I still say, "No, no and NO!"  Stop the Nanny State and quit telling me what's good or bad for me.  Once upon a time in a land far, far away . . . people lived as they deemed necessary and fought for the right to do so.  As for the secondhand smoke (oh, did you know there are idiots out there complaining about Thirdhand smoke?  @#%^&*!), my mom smoked like a fiend in, on and around me and I turned out just  . . . koff, koff, koff . . . fine ... (which of course may be debatable... in some circles).  Sure cigarettes are horrible and nasty and I can't stand being around the smoke and agree it's bad for children stuck inside cars.  But!  I do my best to avoid those circumstances on my own without some goddamned LAW clamping down with a heavy boot.


----------



## Denise1952 (Mar 28, 2014)

The only thing I agree with is "no smoking in cars when children are passengers".  Otherwise, if people want to smoke, there is no law against smoking tobacco, so yeah, I don't agree with a ban on ALL smoking in cars.  I mean someone can pick their nose and run into someone.  I know you guys could not handle a ban on picking your noses.  I love it, driving down the road, nice looking guy in a passing car, and he's picking his nose.  I think picking your nose should be allowed when children are passengers as well.

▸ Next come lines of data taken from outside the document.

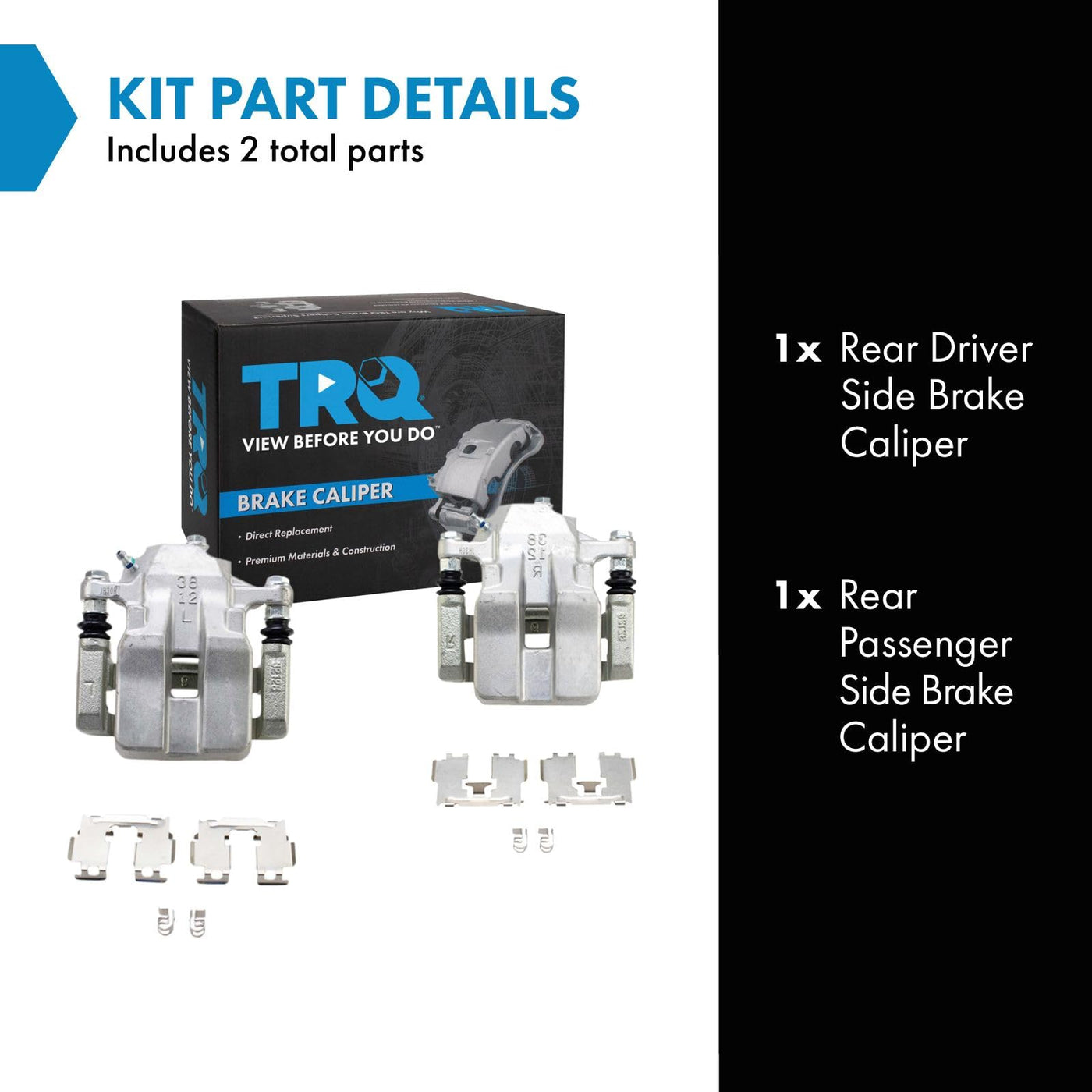 2 Piece Brake Caliper SetKit Includes(1) Rear Driver Side Brake Caliper(1) Rear Passenger Side Brake CaliperFitmentCompatible with: 2012-18 Toyota Rav4 Rear Driver & Passenger SideProduct AttributesQuantity: 2 PieceProduct Features Zinc Coated: Long lasting rust prevention EPDM Seals: Enhanced resistance to thermal deterioration No Core Charge: 100% new components Hardware and Abutment Kit Included: Complete repair in a single purchase Direct Replacement: No modifications necessaryItem DetailsTRQ brake calipers are made from premium raw materials designed to restore original performance. All TRQ calipers are new, so there will never be a core charge with your TRQ purchase. TRQ brake calipers include upgraded seals, washers, abutment kits and brackets where applicable to ensure a complete repair. TRQ recommends replacing your calipers in pairs with new brake pads and brake rotors to ensure components wear evenly and avoid multiple repairs of the same system. All products are fit and road-tested in our Massachusetts R&D facility to ensure we deliver on our promise of Trusted Reliable Quality.Reference NumbersCARDONE Reman: 19-B7048, 19-B7049DFC Calipers Outright Program - Archived: 331-76708, 331-76709Raybestos Brakes: FRC12995N, FRC12996NUAP: C44657, C44658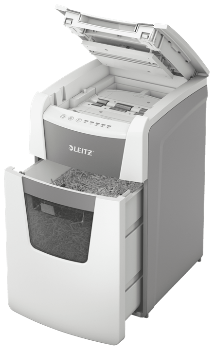 W pełni automatyczna niszczarka do papieru firmy Leitz z unikalną funkcją samooczyszczania. Tak inteligentna, że wystarczy włożyć stos kartek (w tym ze zszywkami i spinaczami), zamknąć pokrywę i można wracać do swoich zajęć, a ona, cicho pracując, wykona samodzielnie zadaną pracę. Idealna do biur. Gwarantuje doskonałą wydajność - zapobiega zacięciom, jest cicha i może pracować przez 30 minut bez przerwy. Jednorazowo niszczy automatycznie do 150 kartek formatu A4, tnąc je na konfetti o poziomie bezpieczeństwa P-4 (4 x 28 mm) i umieszczając pocięte arkusze w dużym, 44-litrowym pojemniku. Dotykowy panel sterowania gwarantuje łatwą i intuicyjną obsługę urządzenia.
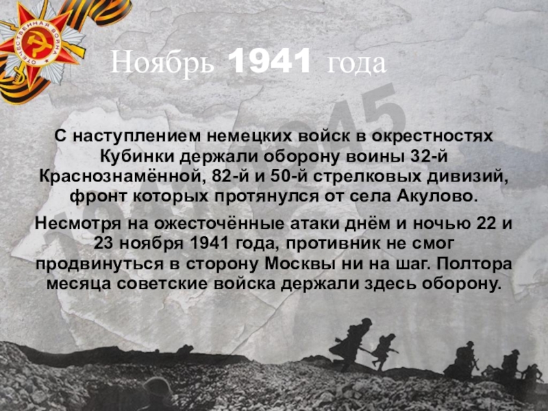 Кубинки держали оборону воины 32-й Краснознамённой, 82-й и 50-й стрелковых дивизий, фронт которых протянулся от села Акулово.
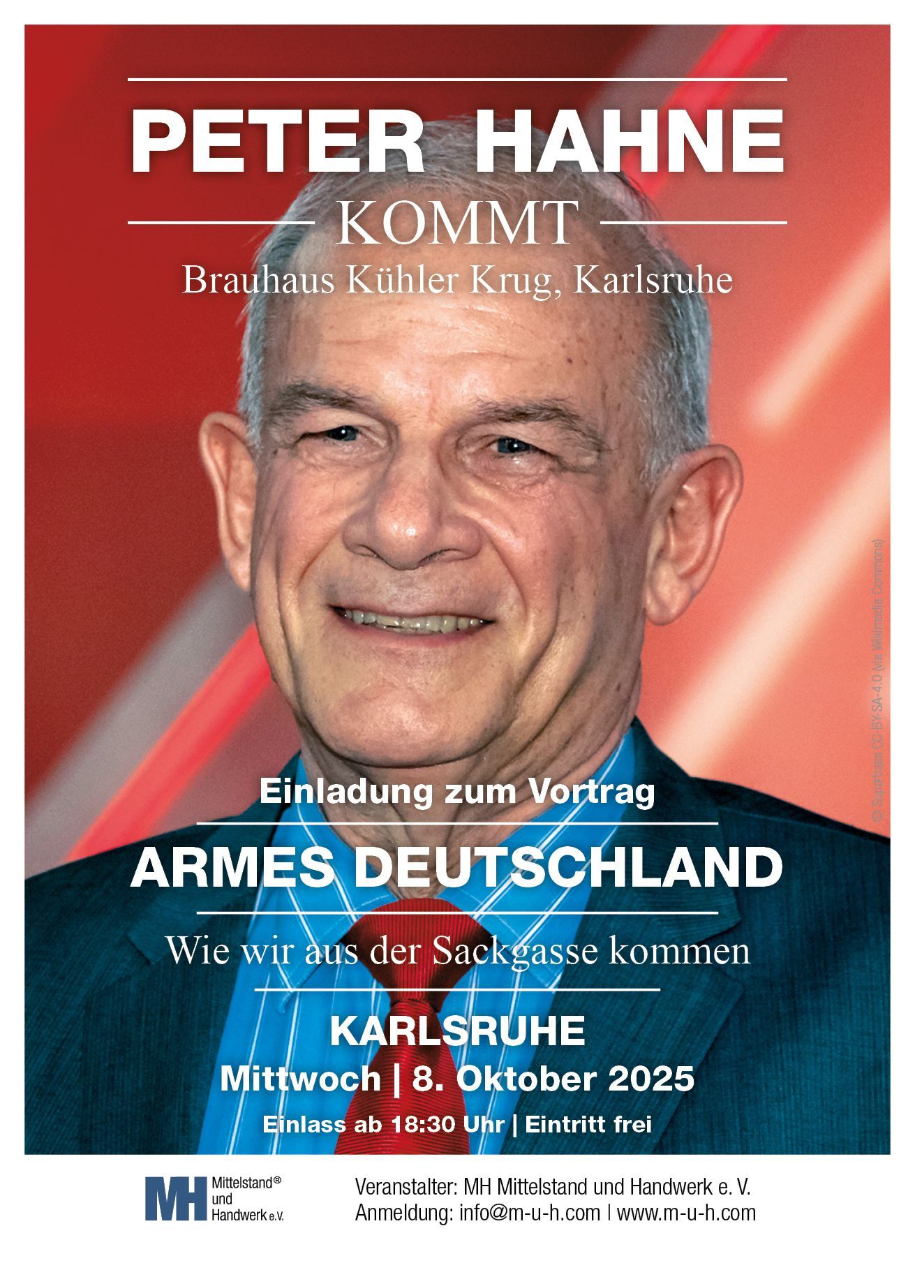 - Am 8.10.2025 PETER HAHNE KOMMT. Thema: Armes Deutschland - Wege aus der Sackgasse, Anmeldung unter info@m-u-h.com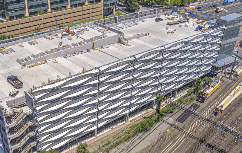 For Stamford Station’s parking garage facade, designers chose a unique, wave-like visual pattern in unitized assemblies. They also incorporated an integrated LED lighting design element in the cladding that can produce a wide variety of colors and patterns, creating a dynamic facade. “The sloped surfaces provide a surface to mount and power the LED lighting,” explains Scharr.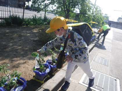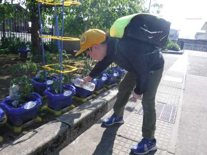 「みんなのも水をあげるよ」と言って、友達のミニトマトにも水をやる姿が見られました。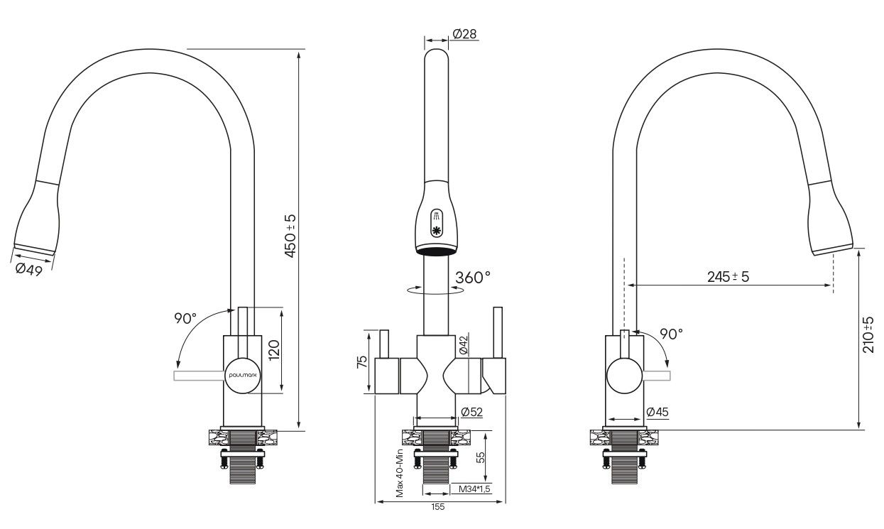 Высота смесителя:45

Denise

Oh, and it probably isn't realistic for anyone to expect it to be enforced, and the only reason I say that is there's so many offenders, you can't catch them all.  Same with cell phones here in Oregon.  We aren't supposed to talk directly on a cellphone, or text (who does that? just too scarey) but you can use a blue-tooth, whatever.  But at least once or twice a day I see someone using their cellphone with no blue-tooth.


----------